DNA methylation levels are commonly analysed using Illumina DNA methylation arrays. When it was introduced in 2007, the Illumina array covered 27,000 CpG sites, which was later upgraded to 450,000 sites in 2010 (450 K), and again to 850,000 sites in the latest EPIC array (2015). These arrays have high accuracy and precision17.

The analysis of DNA methylation microarrays is complex and there are numerous methods available aiming to improve data quality. These methods can be broadly divided into preprocessing, data normalization and batch correction, and each one can influence the downstream results18. The first step, preprocessing, includes image processing, calculation of methylation levels, quality control and filtering of probes and chips. The second step, normalization, intends to remove technical variation between and/or within chips. Normal-exponential out-of-band (Noob) is a commonly used method for background correction, which also includes dye bias correction19. Finally, batch effects; e.g. samples analysed on different days, position on the chip or efficiency of the bisulphite conversion, may systematically differ. ComBat20 is a widely conducted batch correction method. However as for most batch correction methods, warnings of its use leading to masking of biological differences are frequent21,22.

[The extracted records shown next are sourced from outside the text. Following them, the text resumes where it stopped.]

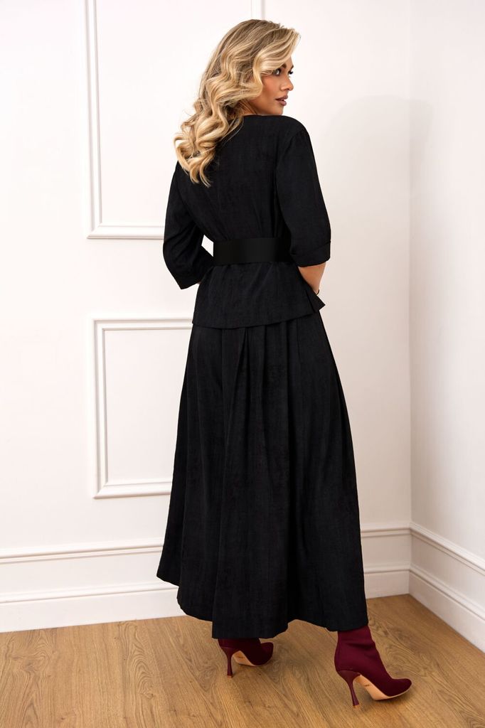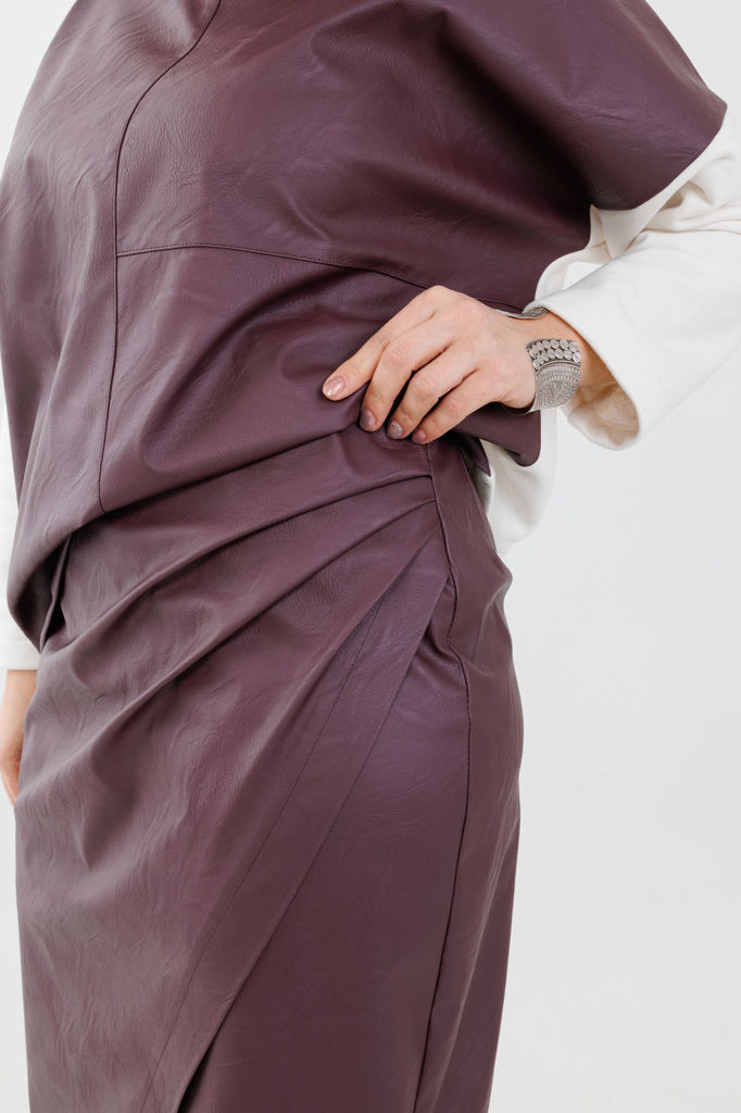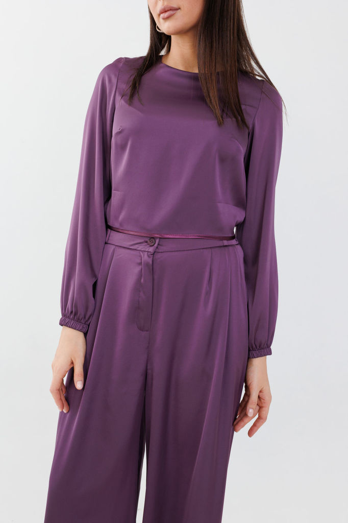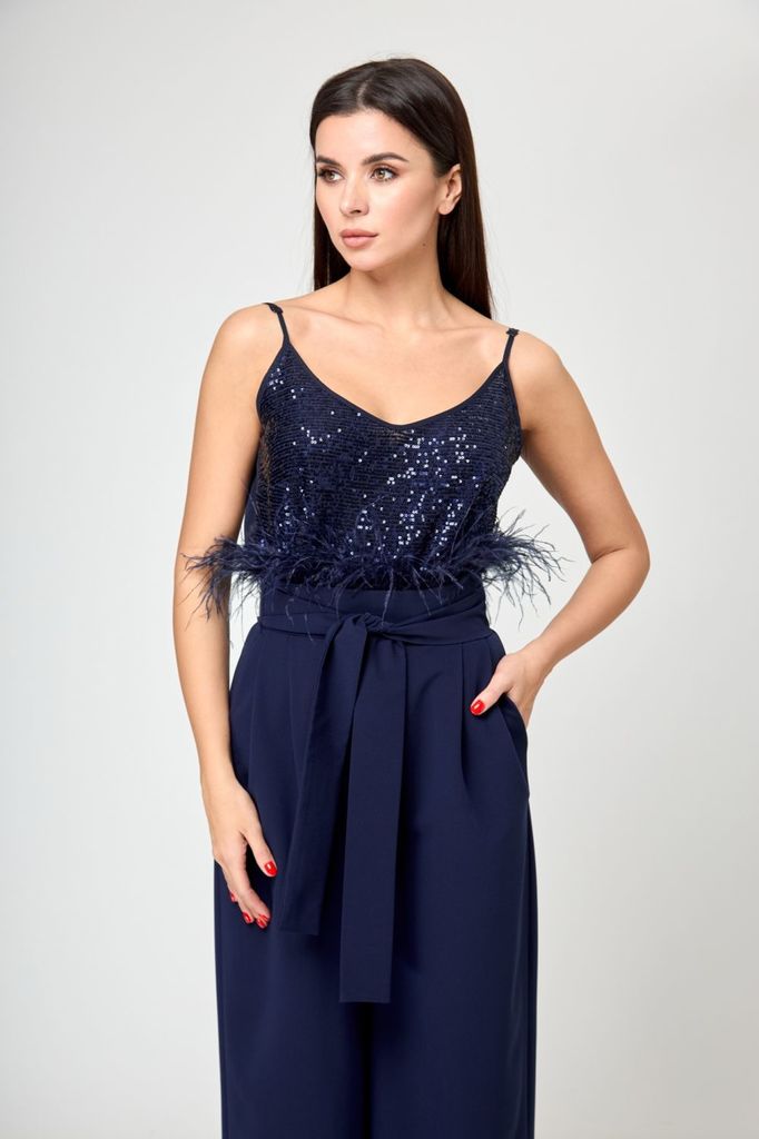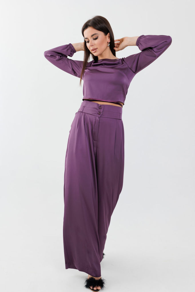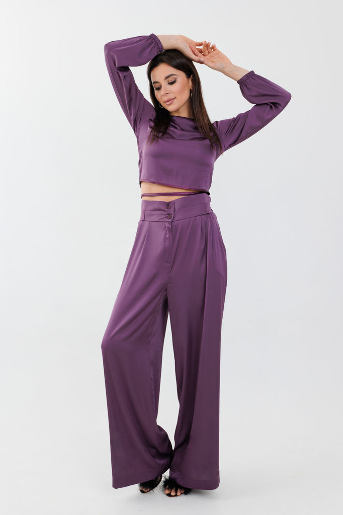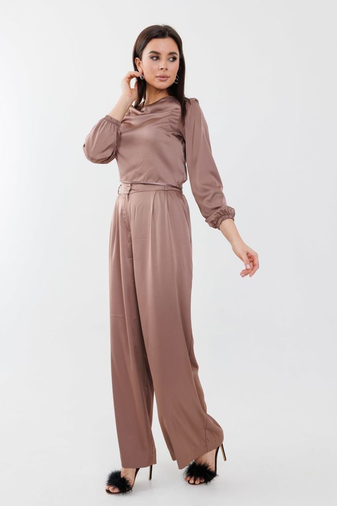 Состав: Вискоза-32%; ПЭ-65%; Эластан-3%; Сезон: Осень-Зима Рост: 164 Страна бренда: Беларусь Состав: Вискоза-32%; ПЭ-65%; Эластан-3%; Стильный женский комплект, состоит из блузы и брюк-юбки. Блуза пря... Показать описаниемого силуэта с эффектом жатки, что придаёт изделию особый стиль. Блуза с нагрудными выточками, рукав длиной ?, с манжетой, по бокам с небольшими разрезами (разрез 9 см). Перед блузки декорирован пришивной дизайнерской нашивкой. Брюки-юбка прямые, со складками по переду и спинке с эффектом жатки. Брюки-юбка на поясе, по бокам с резинкой, по спинке с застежкой на потайную молнию и пуговицу. В комплекте идет съемный кожаный пояс.
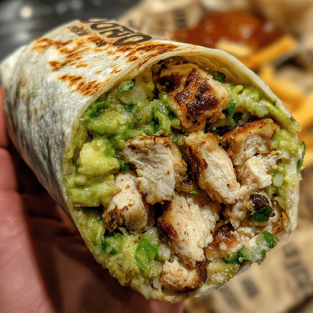 A hearty and healthy burrito filled with juicy chicken, creamy avocado, cheese, and fresh veggies wrapped in a warm tortilla.
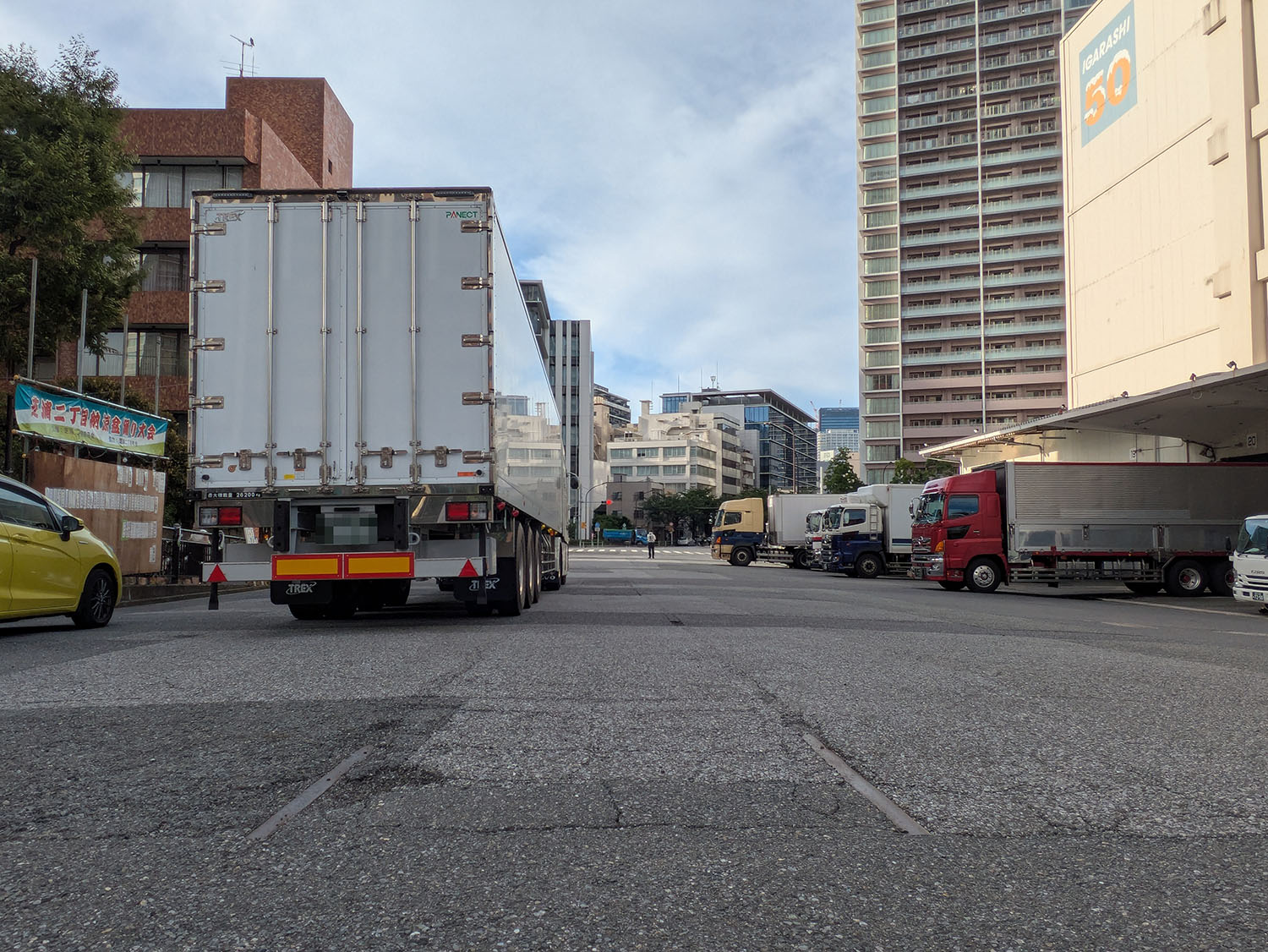 行き止まり道路の空間は、冷蔵倉庫のトラック転回エリアとなっており、日曜は倉庫も休みで静かな空間となっています。この道路に芝浦線の軌道が埋まっているのです。

Machine learning methods are commonly applied to make age predictors using DNA methylation data. By far, the most popular method is elastic net (EN)23. EN is a regularized regression method that simultaneously selects the best set of methylation sites, and shrinks the coefficients by applying a penalty parameter. During the training of the model, the dependent variable is age, and the methylation sites are the independent variables. The trained model is then used to predict the age of new individuals. Predictive models are prone to overfitting, that is, they are parameterized well to the training data, but can perform poorly when predicting new data. This is due to variation in the training data included in the model, but not truly related to the outcome (e.g. age in our case)24. However, the result of the EN analysis is a small number of sites (relative to what you start with) where overfitting is reduced to some extent, and enhanced prediction performance for new data is achieved.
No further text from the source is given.